# Monster Stag Beetle Holding a Rubik's Cube



## Tony Fisher (Apr 29, 2012)

Monster Stag Beetle Holding a Rubik's Cube

Live beetle, not faked in any way.


----------



## TheAwesomeAlex (Apr 29, 2012)

where did u get one


----------



## Tony Fisher (Apr 29, 2012)

TheAwesomeAlex said:


> where did u get one


 
The beetle or the cube?


----------



## monkeytherat (Apr 29, 2012)

How big is that cube?


----------



## TheAwesomeAlex (Apr 29, 2012)

Tony Fisher said:


> The beetle or the cube?


 
the beetle


----------



## Tony Fisher (Apr 29, 2012)

TheAwesomeAlex said:


> the beetle


It was in my garden.
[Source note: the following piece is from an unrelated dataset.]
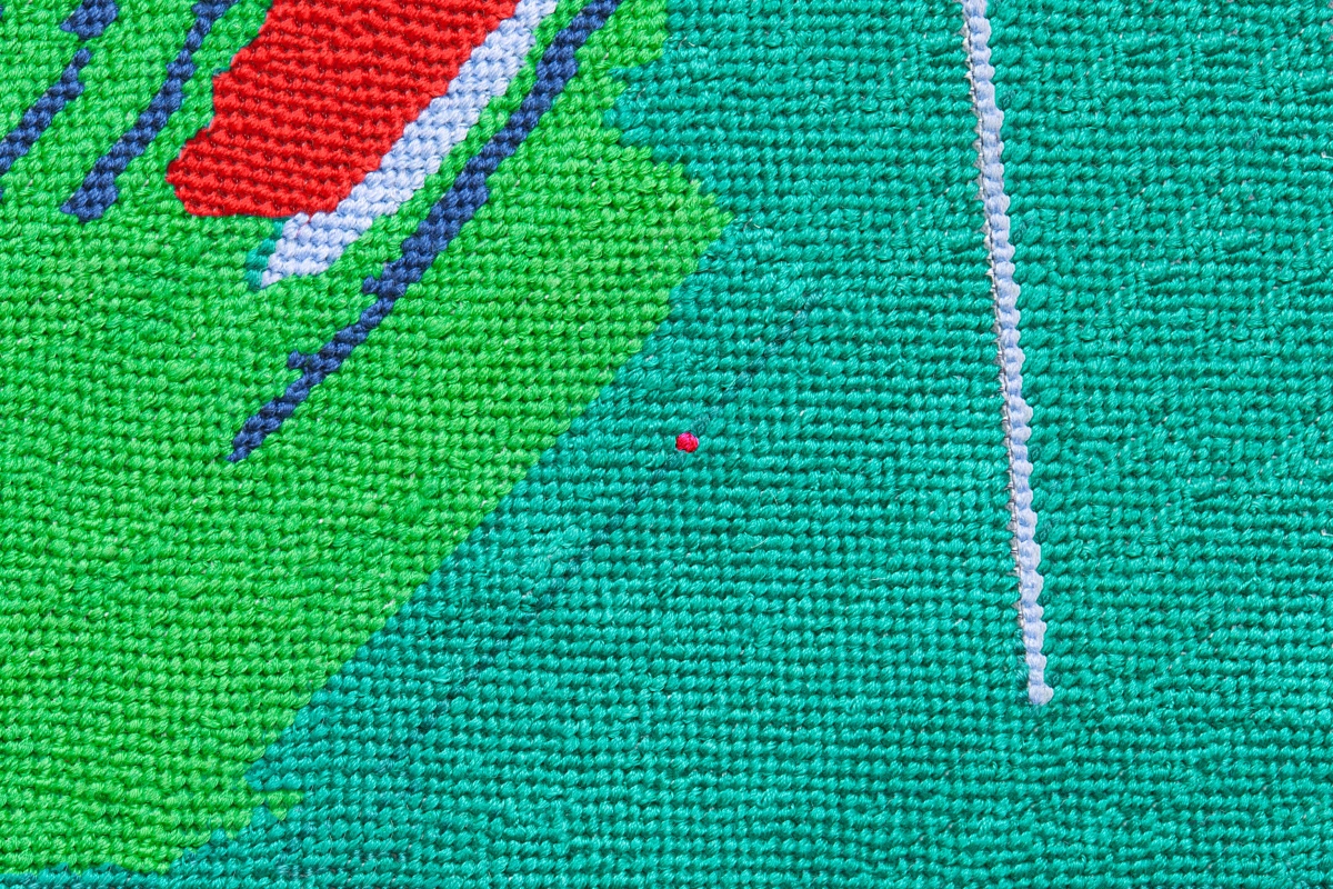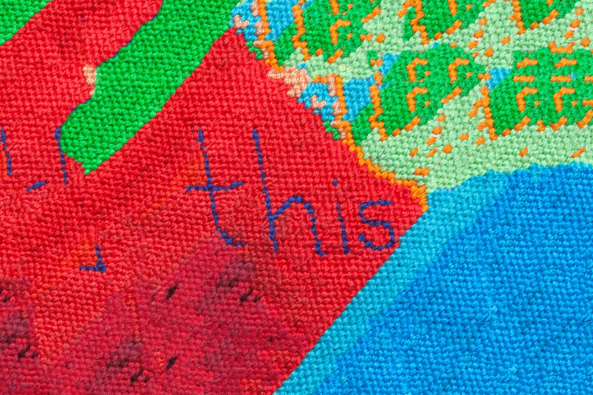 is this it? is a series of Digital C-Prints of hand-embroidered texts, whose meanings alter poetically depending on the way they are installed in a space.

I have been waiting for a chance to do this for a long time.
The Cube is 10mm.


----------



## TheAwesomeAlex (Apr 29, 2012)

i name it feliks


----------



## Cheese11 (Apr 30, 2012)

This is way cool. I'd be scared if I lived where beetles were that big XD


----------



## Cubetastic (Apr 30, 2012)

Awesome! All he needs is a 20mm stackmat and he's in the running for a record


----------



## emolover (Apr 30, 2012)

This is really awesome. Is there a video with a great ape playing with a cube.


----------



## RNewms27 (Apr 30, 2012)

emolover said:


> This is really awesome. Is there a video with a great ape playing with a cube.


 
Speed banana-eating AND cubing apes? You puzzle me.

As for the beetle, I believe you found a new cube stand.


----------



## emolover (Apr 30, 2012)

RNewms27 said:


> Speed banana-eating AND cubing apes? You puzzle me.


 
I regret that thread.


----------